WHAT YOU ARE ASKED TO DO: Using the listing below, copy exactly each line from the one that has "Lenyx heißt die" through the one that has "我就一直随身携带着VAIO笔"; omit the pictures.
───── PROVIDED RECORDS
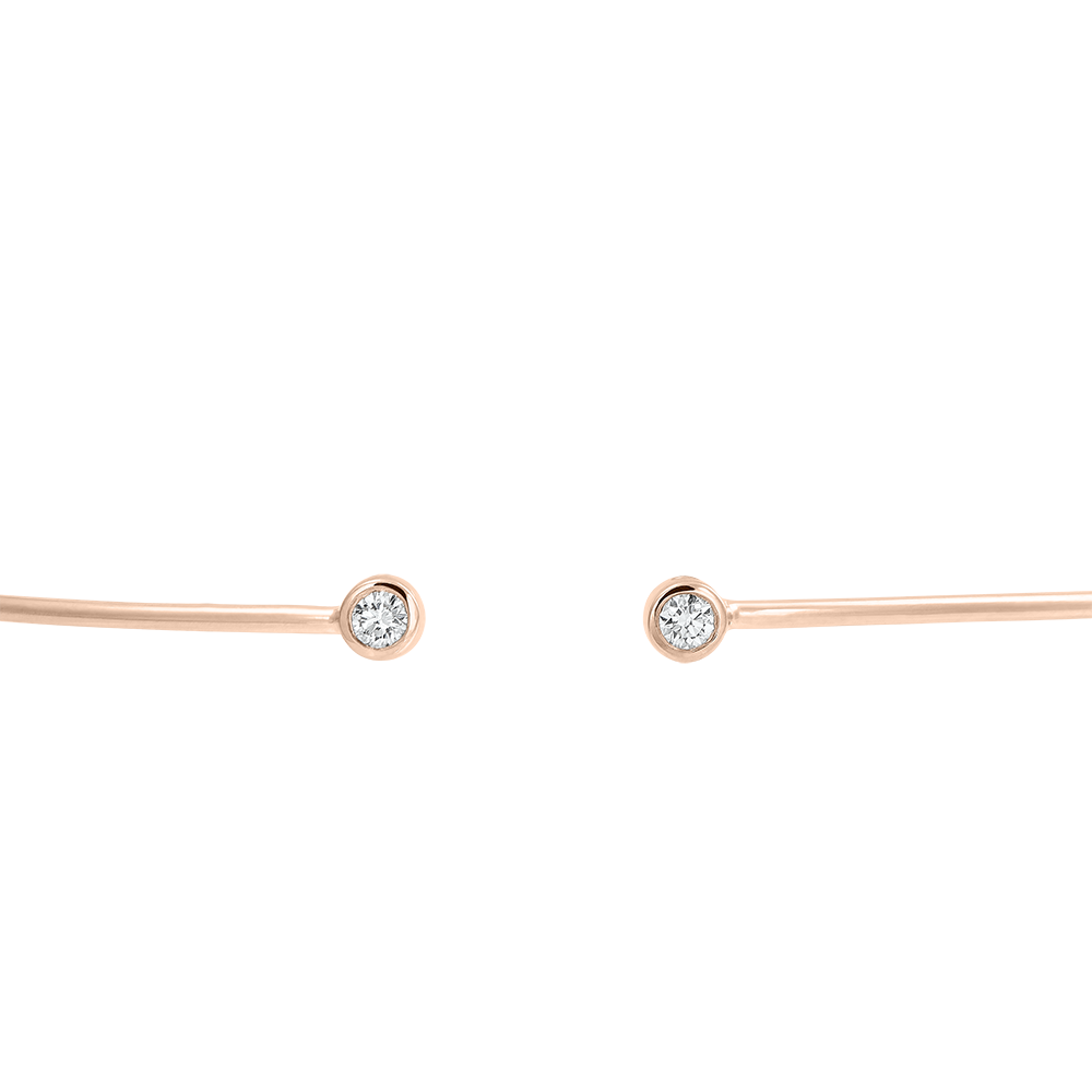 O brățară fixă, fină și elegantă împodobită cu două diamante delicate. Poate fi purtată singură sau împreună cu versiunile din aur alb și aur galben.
──────────
───── PROVIDED RECORDS
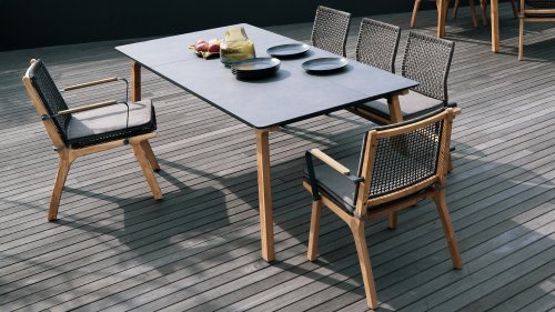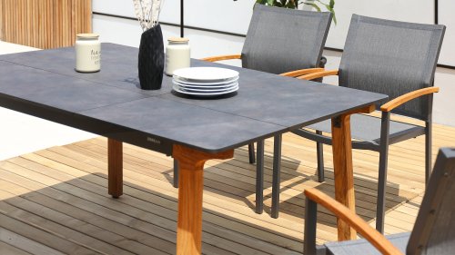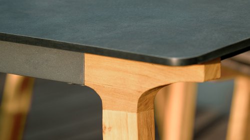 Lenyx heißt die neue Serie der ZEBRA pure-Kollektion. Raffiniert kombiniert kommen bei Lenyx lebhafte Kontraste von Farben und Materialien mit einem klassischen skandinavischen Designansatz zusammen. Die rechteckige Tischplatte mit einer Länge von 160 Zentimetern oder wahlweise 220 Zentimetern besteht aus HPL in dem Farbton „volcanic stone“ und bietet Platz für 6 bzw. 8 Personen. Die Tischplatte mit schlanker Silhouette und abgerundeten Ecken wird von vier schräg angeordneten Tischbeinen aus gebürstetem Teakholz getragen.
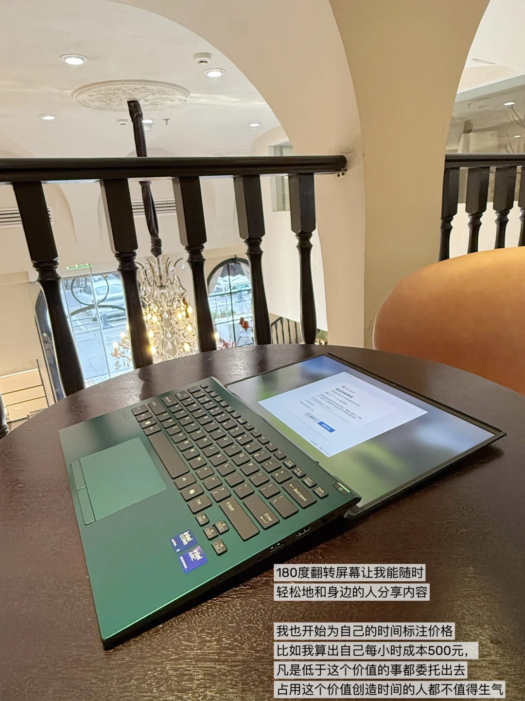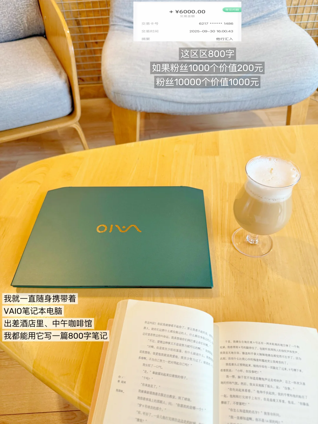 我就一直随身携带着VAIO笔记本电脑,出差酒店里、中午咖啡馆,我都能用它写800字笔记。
──────────
ANSWER:
 Lenyx heißt die neue Serie der ZEBRA pure-Kollektion. Raffiniert kombiniert kommen bei Lenyx lebhafte Kontraste von Farben und Materialien mit einem klassischen skandinavischen Designansatz zusammen. Die rechteckige Tischplatte mit einer Länge von 160 Zentimetern oder wahlweise 220 Zentimetern besteht aus HPL in dem Farbton „volcanic stone“ und bietet Platz für 6 bzw. 8 Personen. Die Tischplatte mit schlanker Silhouette und abgerundeten Ecken wird von vier schräg angeordneten Tischbeinen aus gebürstetem Teakholz getragen.
 我就一直随身携带着VAIO笔记本电脑,出差酒店里、中午咖啡馆,我都能用它写800字笔记。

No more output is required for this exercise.